Start coding…adding files and committing changes as you go:

git add -u
git commit -m "everything is great"

The -u switch to git add simply checks in all the tracked, uncommitted files. Depending on your levels of paranoia you can push your branch back to the remote repository:

git push

How do I understand what’s going on?

For me the key revelation for workflow was to be able to find out my current state and feel pleasure when it was good! To do this, fetch any changes that may have been made on your repository:

git fetch

and then run:

git log --oneline --graph --decorate --all

To see an ASCII art history diagram for your repository. What you are looking for here is a relatively simple branching structure without too many parallel tracks and with the tips of each branch lined up between your local and the remote copy.
You can make an alias to simplify this inspection:

git config --global alias.lg 'log --oneline --graph --decorate'

Then you can just do:

git lg --all

I know someone else has pushed to the master branch from which I branched – what should I do?

If stuff is going on on your master branch, perhaps because your changes are taking a while to complete, you should rebase. You should also do this just before submitting a pull request to merge your work with the master branch.

git rebase -i

Allows you to rebase interactively, this means you can combine multiple commits into a single larger commit. You might want to do this if you made lots of little commits whilst achieving a single goal. Rebasing brings you up to date with another branch, without actually merging your changes into that branch.

I’m done, how do I give my colleagues the opportunity to work on my great new features?

You need to rebase against the remote branch onto which you wish to merge your code and then submit a pull request for your changes. You can submit a pull request from the web interface at Github or Bitbucket. Or you can use a command line tool such as hub.  The idea of using a pull request is that it makes your changes visible to your colleagues, and keeps a clear record of those changes. If you’ve been rebasing regularly you should be able to merge your code automatically.

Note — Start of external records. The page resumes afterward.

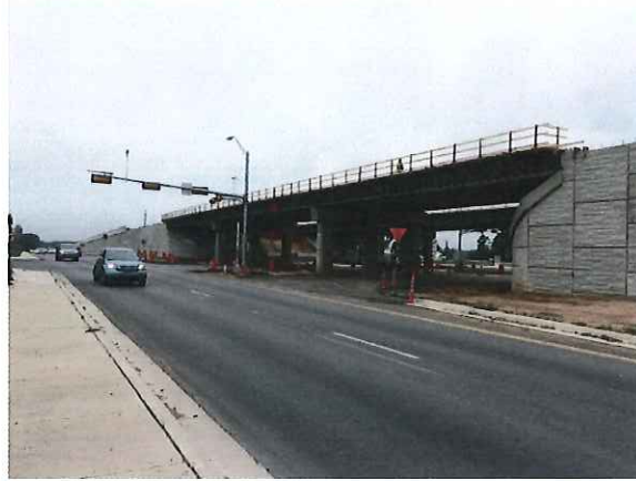
LOOKING WEST (TOWARD BASTROP)
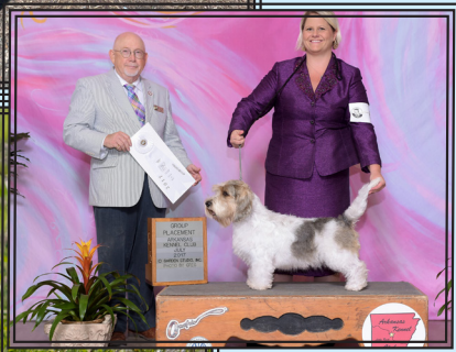
GCH CH Always Belle of Ellis Island, PCJHX, PCSHX
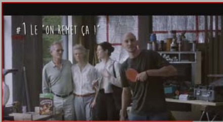
Chocapic - 8 mouvements de danse pour libérer l'enfant qui est en toi !

I have to show some expressions of my face: I'm surprised to see construction employees who play table tennis when they should work.
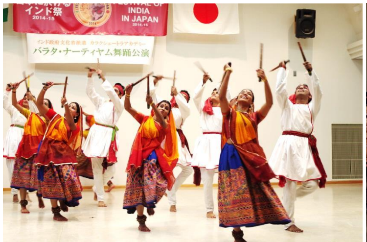
Bharatanatyam Dance Troupe at Shimane University
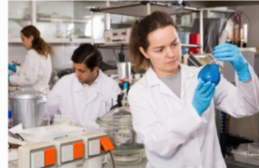
Clinical Lab Technicians
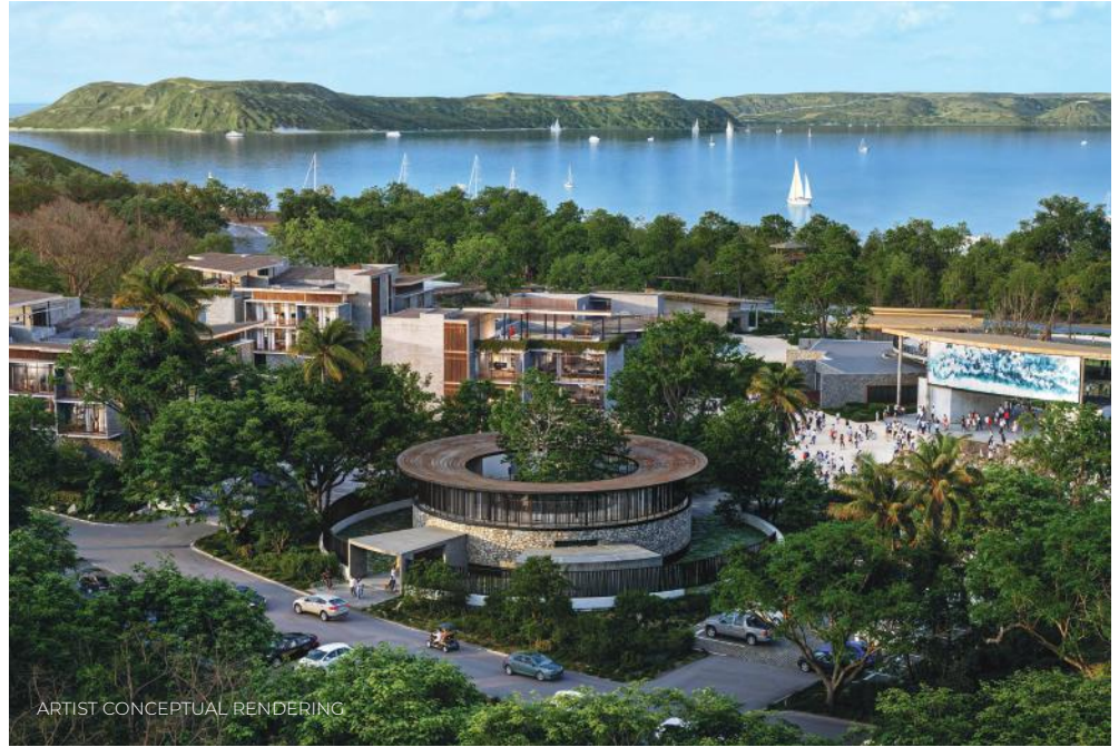
ARTIST CONCEPTUAL RENDERING
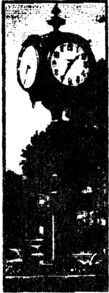
Sample Rendering of Proposed Clock

$1,000 - Receive an Operating Miniature Clock On A Desk Set And Your Name Inscribed on The Full Size Clock
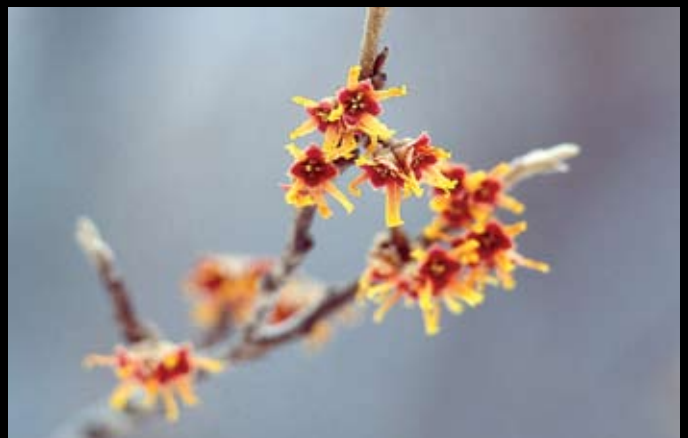
Vernal witch hazel ( Hamamelis vernalis ) This unique shrub flowers from late winter into early spring, when little else is blooming. The fragrant flowers are yellow to dark red, and have four short, strap-like petals. Turkey and ruffed grouse eat the seeds and flowers.
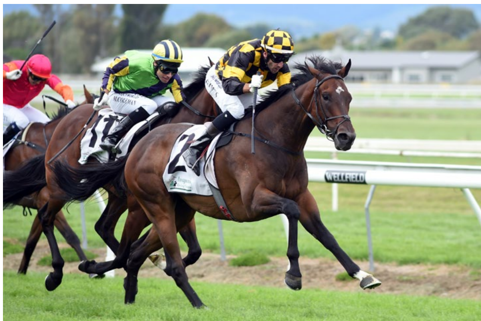
Quality three-year-old Sherrif was an impressive Awapuni winner in the Gr.3 Higgins Concrete Manawatu Classic
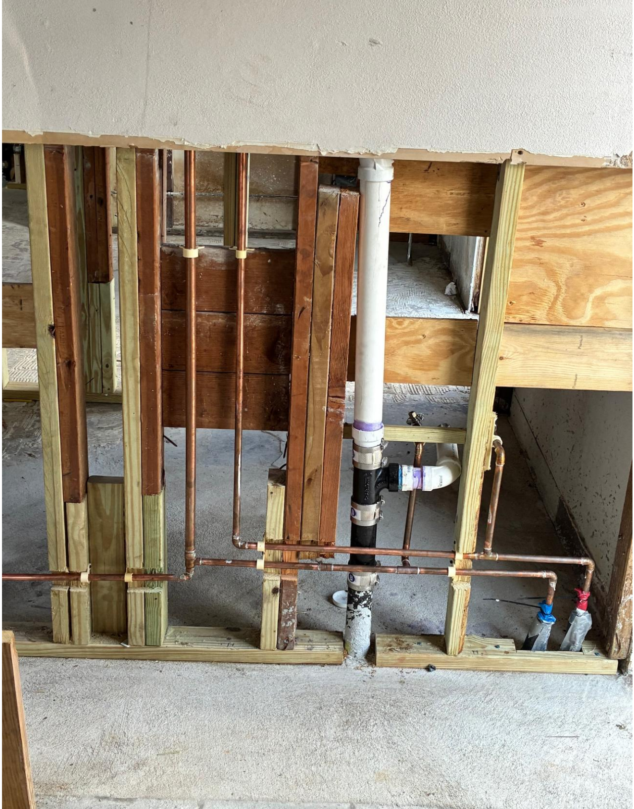
PLYMOUTH LAUNDRY- PLUMBING ROUGH-INS FOR THE NEW ADA COMPLIANT REST ROOM ARE COMPLETE.

An important principle here is “ownership”, in social terms you own your local branch on which you are developing a feature, so you can do what you like with it. The master branch from which you started work is in collective ownership so you should only merge changes onto it with the permission of your colleagues and ideally you want others to look at your changes and approve the pull themselves.

I started doing some fiddling around with my code and now I realise it’s serious and I want to put it on a branch, what did I do?

You need to stash your code, using:

git stash

Then create a branch, as described above, and then retrieve the contents of the stash:

git stash pop

That’s how we use git – what do you do?